__Directions__: All entries are to be printed again exactly, with their images omitted.
*** Opening of Supplied material ***
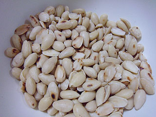 アーモンドは生の皮むきの物を購入してきたので一度煎ってから使用しました。
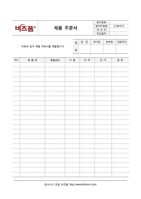 제품 주문서입니다. 제품 주문 시 작성하는 문서로 제품명, 제품넘버, 수량, 규격, 단가, 금액 등으로 구성되어 있습니다.
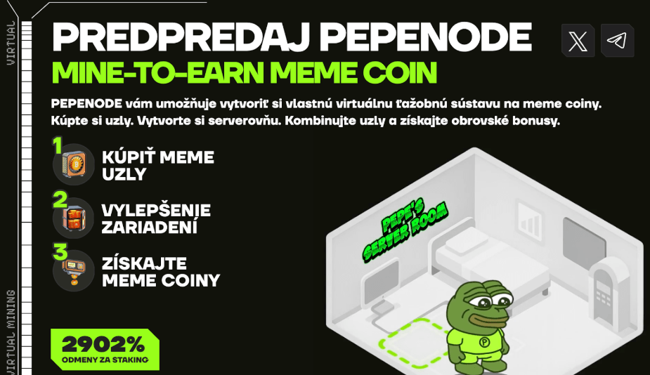 Kým investori a analytici pozorne sledujú súboj Bitcoinu a Etherea, v pozadí naberá na sile PEPENODE, natívna kryptomena novej mine-to-earn platformy. Využíva žabiu tematiku Pepe, tretieho najväčšieho meme coinu, a prináša technologické inovácie. Tradičná ťažba vyžaduje veľké množstvo energie, kúpu špecializovaného hardvéru aj inštaláciu programov. PepeNode toto všetko obchádza a simuluje ťažbu meme coinov vo virtuálnom priestore.
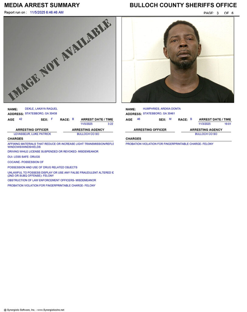 These records are matters of public information provided by the Bulloch County Sheriff’s Office. Booking reports are details of arrests only. All persons below are considered to be innocent unless proven otherwise in a court of law.
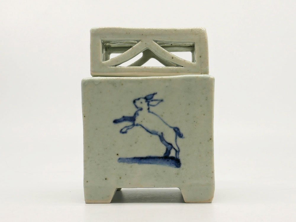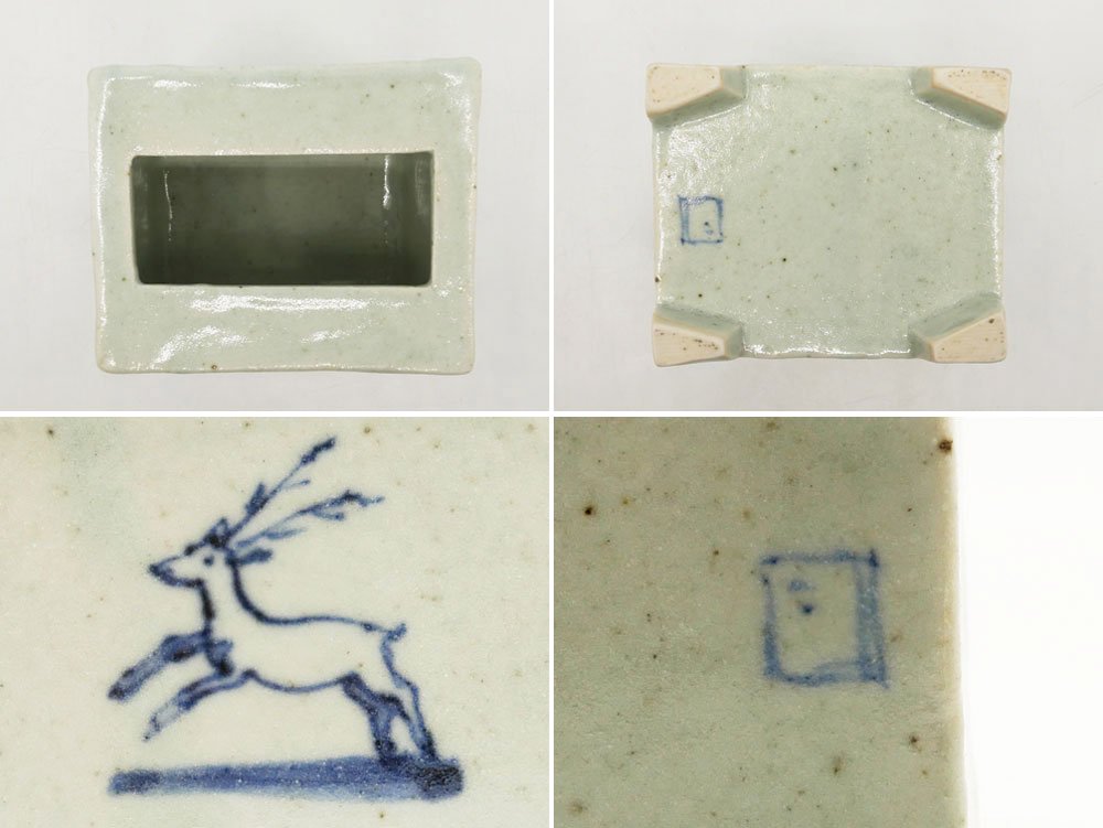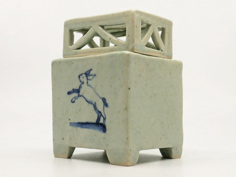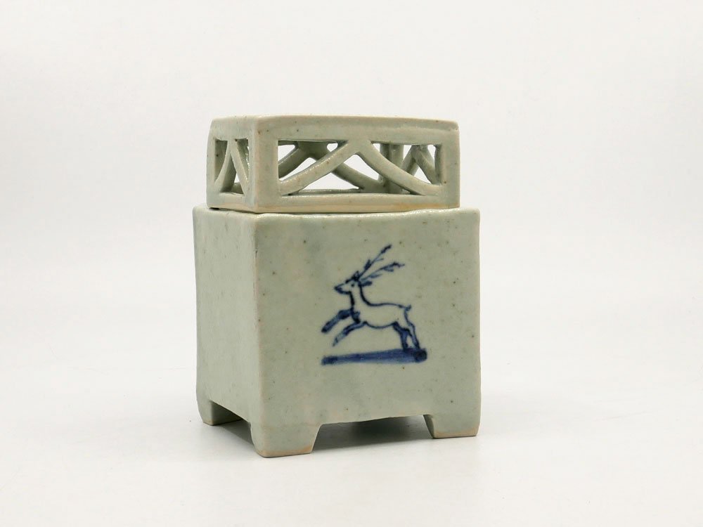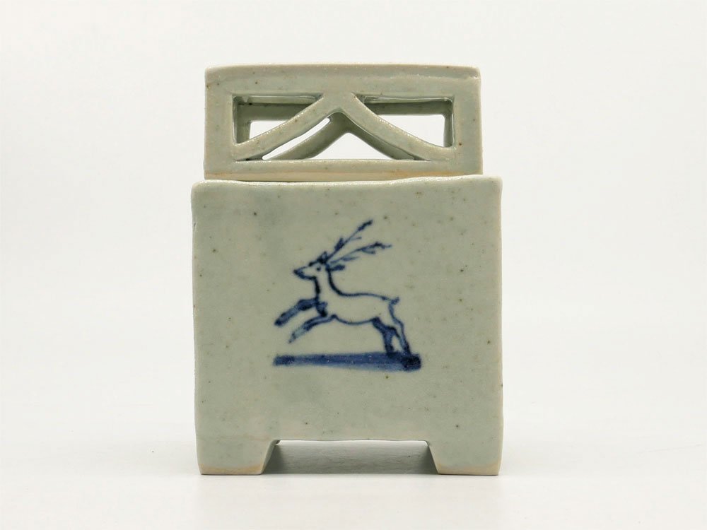 こちらは、染付による鹿の文様が描かれた香炉です。
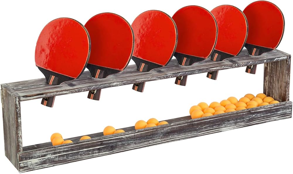 Keep your ping pong paddles and balls organized with this rustic wood wall mounted display rack with ball storage shelf. Up to 6 ping pong paddles can be stored on top, with storage space for balls located on the bottom shelf. Featuring a stylish rustic wood construction, and able to be mounted to most wall surfaces, this display rack will look great in your game room, garage, man cave or bar area.
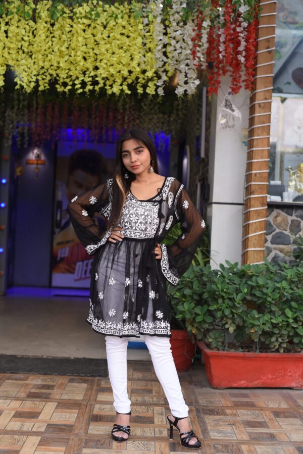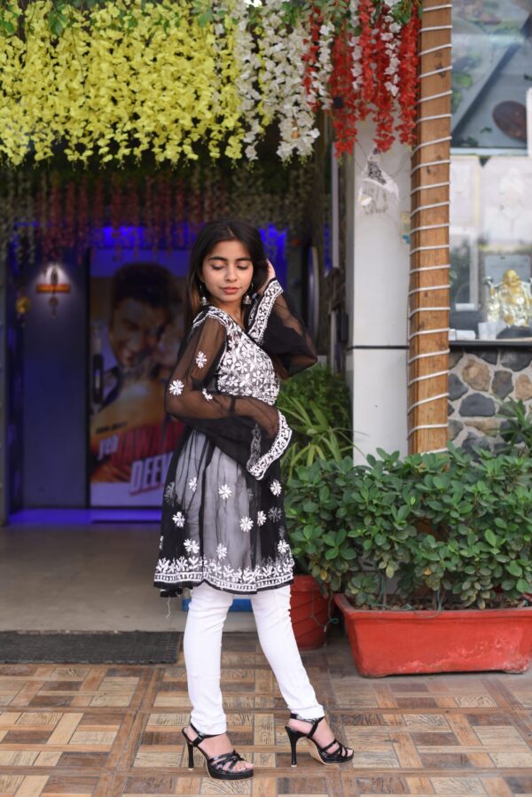 Discover the elegance of our Traditional Black Chikankari Kurti, featuring intricate hand-embroidered designs. Perfect for any occasion. Hand wash recommended.
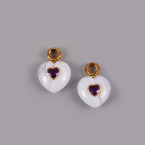 in oro giallo ciascuno con cuore di calcedonio centrato da un'ametista, gr. 11,3. Dimensioni 3 x 2 cm ca.
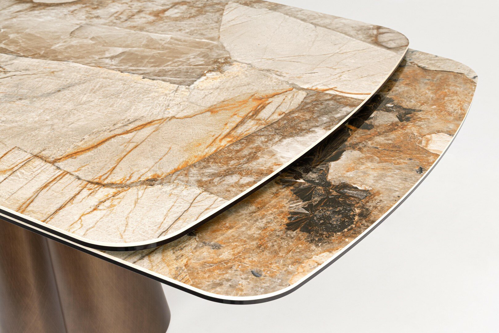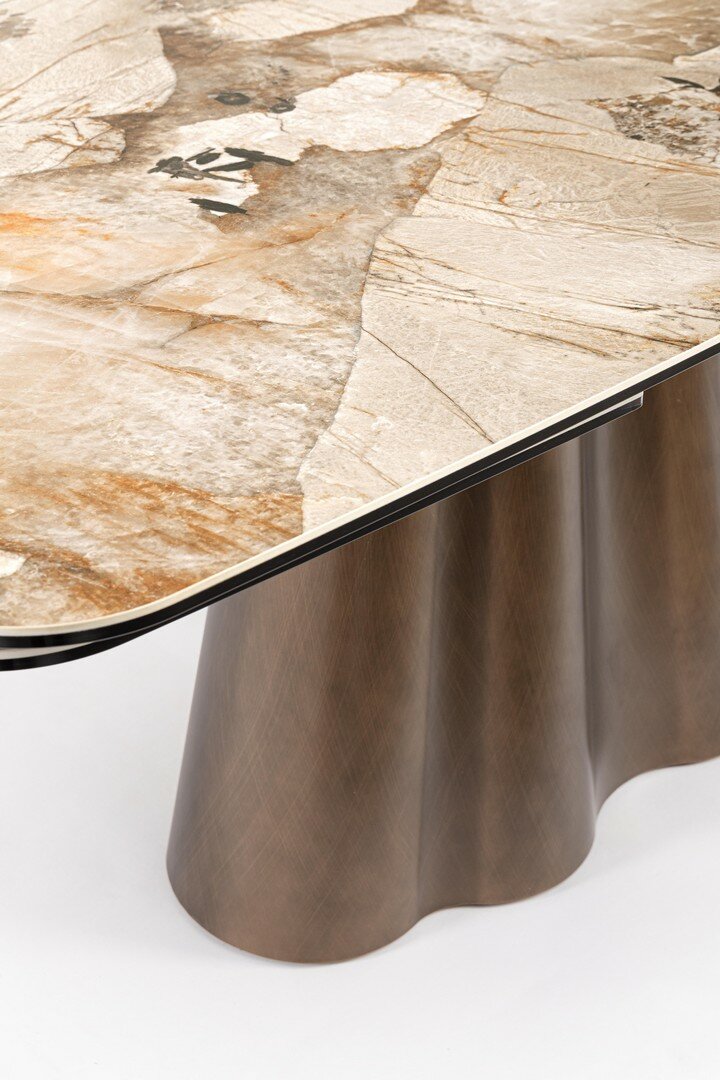 PIANO IN CERAMICA EFFETTO PATAGONIA LUCIDO E STRATO INFERIORE PIANO IN VETRO TEMPERATO. SUPPORTO PIANO IN ACCIAIO VERNICIATO A POLVERE EPOSSIDICA. GAMBE IN ACCIAIO EFFETTO RAME SPAZZOLATO. PROLUNGHE INDIPENDENTI. GAMBA DA ASSEMBLARE.
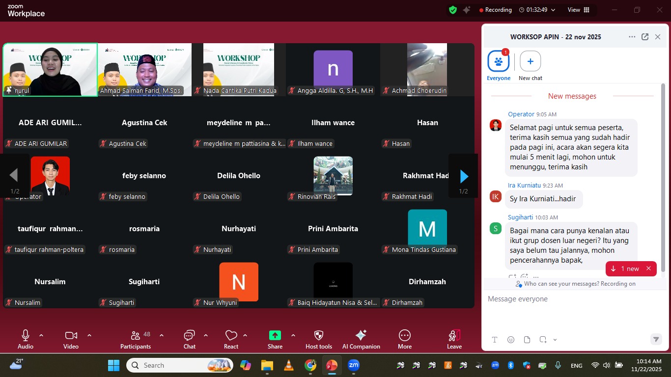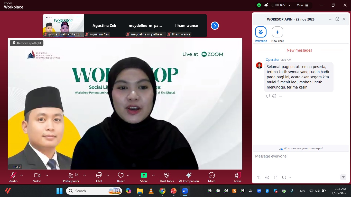 Kegiatan yang mengangkat tema “Social Literacy & Academic Voice: Penguatan Kapasitas Komunikasi Publik Akademisi di Era Digital” ini diikuti akademisi, guru, peneliti, dan mahasiswa dari berbagai daerah di Indonesia. Sejak awal kegiatan, suasana diskusi berjalan hidup di bawah panduan moderator Nurul yang memastikan setiap sesi berlangsung interaktif dan terarah. Kehadiran moderator yang komunikatif membuat jalannya webinar terasa dinamis dan nyaman bagi seluruh peserta.
*** Close of Supplied material ***
__Task solution__:
 アーモンドは生の皮むきの物を購入してきたので一度煎ってから使用しました。
 제품 주문서입니다. 제품 주문 시 작성하는 문서로 제품명, 제품넘버, 수량, 규격, 단가, 금액 등으로 구성되어 있습니다.
 Kým investori a analytici pozorne sledujú súboj Bitcoinu a Etherea, v pozadí naberá na sile PEPENODE, natívna kryptomena novej mine-to-earn platformy. Využíva žabiu tematiku Pepe, tretieho najväčšieho meme coinu, a prináša technologické inovácie. Tradičná ťažba vyžaduje veľké množstvo energie, kúpu špecializovaného hardvéru aj inštaláciu programov. PepeNode toto všetko obchádza a simuluje ťažbu meme coinov vo virtuálnom priestore.
 These records are matters of public information provided by the Bulloch County Sheriff’s Office. Booking reports are details of arrests only. All persons below are considered to be innocent unless proven otherwise in a court of law.
 こちらは、染付による鹿の文様が描かれた香炉です。
 Keep your ping pong paddles and balls organized with this rustic wood wall mounted display rack with ball storage shelf. Up to 6 ping pong paddles can be stored on top, with storage space for balls located on the bottom shelf. Featuring a stylish rustic wood construction, and able to be mounted to most wall surfaces, this display rack will look great in your game room, garage, man cave or bar area.
 Discover the elegance of our Traditional Black Chikankari Kurti, featuring intricate hand-embroidered designs. Perfect for any occasion. Hand wash recommended.
 in oro giallo ciascuno con cuore di calcedonio centrato da un'ametista, gr. 11,3. Dimensioni 3 x 2 cm ca.
 PIANO IN CERAMICA EFFETTO PATAGONIA LUCIDO E STRATO INFERIORE PIANO IN VETRO TEMPERATO. SUPPORTO PIANO IN ACCIAIO VERNICIATO A POLVERE EPOSSIDICA. GAMBE IN ACCIAIO EFFETTO RAME SPAZZOLATO. PROLUNGHE INDIPENDENTI. GAMBA DA ASSEMBLARE.
 Kegiatan yang mengangkat tema “Social Literacy & Academic Voice: Penguatan Kapasitas Komunikasi Publik Akademisi di Era Digital” ini diikuti akademisi, guru, peneliti, dan mahasiswa dari berbagai daerah di Indonesia. Sejak awal kegiatan, suasana diskusi berjalan hidup di bawah panduan moderator Nurul yang memastikan setiap sesi berlangsung interaktif dan terarah. Kehadiran moderator yang komunikatif membuat jalannya webinar terasa dinamis dan nyaman bagi seluruh peserta.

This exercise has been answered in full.